Expectations, both our own and others, can be a huge drain on our contentment. Not because they are necessarily bad, but we have problems when we start to live with a lot of ‘shoulds

You should be married by now.

You should send your kids to this kind of school

You should take that job

You should spend more time at home

You should take a holiday with your family

You should stay late today until this is done

You should pray more

You should…

The list can go on forever, but at the heart of it is the sense we ought to be doing something that we’re not.

Often these things people think we should be doing are good, or noble, or helpful. The problem is not that we shouldn’t do them, it’s the sense they ought to take priority over other things, or even everything. The other problem is when the shoulds in our lives are more personal preferences, things that one person deems more valuable/important than another. Is getting married good? Yes, as is remaining single. Are some private schools good? Yes – and so are some public schools.

Many of the things people pressure us to do reflect more about them.

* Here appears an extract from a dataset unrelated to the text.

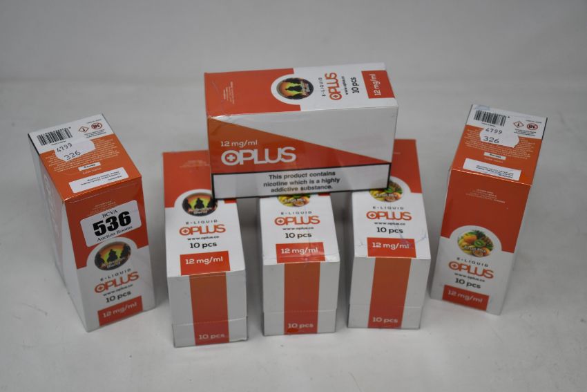 Six boxes of ten (10ml) OPLus E-Liquid in Fruit Mix and American Blend 12mg/ml (Over 18s only).

I want grandchildren, so you should have kids.

I put my kids in a private school, so to validate my choice, you should do the same.

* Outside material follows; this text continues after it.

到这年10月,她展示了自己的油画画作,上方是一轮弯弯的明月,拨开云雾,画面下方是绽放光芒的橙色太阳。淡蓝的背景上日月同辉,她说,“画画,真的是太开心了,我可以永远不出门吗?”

I had to claw my way up the corporate ladder, therefore you should also have to sacrifice your time with your family to get where I am.

When we get caught up in trying to fulfill other people’s expectations for our lives, it will rarely end well. Whether it’s our parents, our boss, our neighbor, or anyone. When we try to meet other people’s goals, life gets hard. We will have a hard time finding contentment when we are trying to fulfill someone else’s dream.

What we ‘should’ do is unique to each one of us. It is also unique to times in our lives. Maybe there is something that I should do, that I will eventually do. Maybe it’s something that I should do, and I’ve already done it, and now I’ve moved on to something else.

It’s one thing to believe you’re doing something wrong. But it feels like it’s a much deeper attack on who we are if we start to believe that we’re doing the wrong thing.

If we think we’re meant to be a school teacher, or a marketing manager, or a software developer, or a stay-at-home parent, or a research scientist, or whatever, …but we are not as “good at it” as we want, that is different. With that, we can always say we need to work harder or find smarter, or learn more, or get more experience or something. We’re doing the right thing, we’re just not yet good enough at it.

But if we think we’re doing the wrong thing, even if we’re doing fairly well at it, that is much harder to accept. If I question not if I am a good father, but whether I even wanted kids – that’s much different.

If we start to think there is something we ‘ought’ to be doing but we’re not, that hits our identity. Hard.

What we need to do is step back and consider if all the should’s in our lives are things we honestly think are true. That God would have us believe. That we think are true.

DO THIS

Identify some thing you think you ‘should’ be doing. Maybe more of it, maybe less. Maybe a different job, different stage in life, different whatever.

Spend some time reading through relevant sections of the Bible, praying and journaling.

Try to see if this truly is something God wants for you. Is it merely your own wish? Is it merely pressure from someone else?

It could be all of teh above, but it’s much better to identify now what is really behind that feeling of “you should.”

PRAY THIS

Father of complete acceptance,
God of second chances,
and third,
and more,
You do have desires for us,
ways you want us to live,
But so often we get caught up in pursuing specific paths.
Remind us there are infinite ways to serve you.
there are so many ways to love our neighbor.
Give us peace that we haven’t gone too far in some direction,
Show us that you can use every step we’ve taken.
Help us live not for the approval of others and their expectations,
but for your glory and the good of those around us.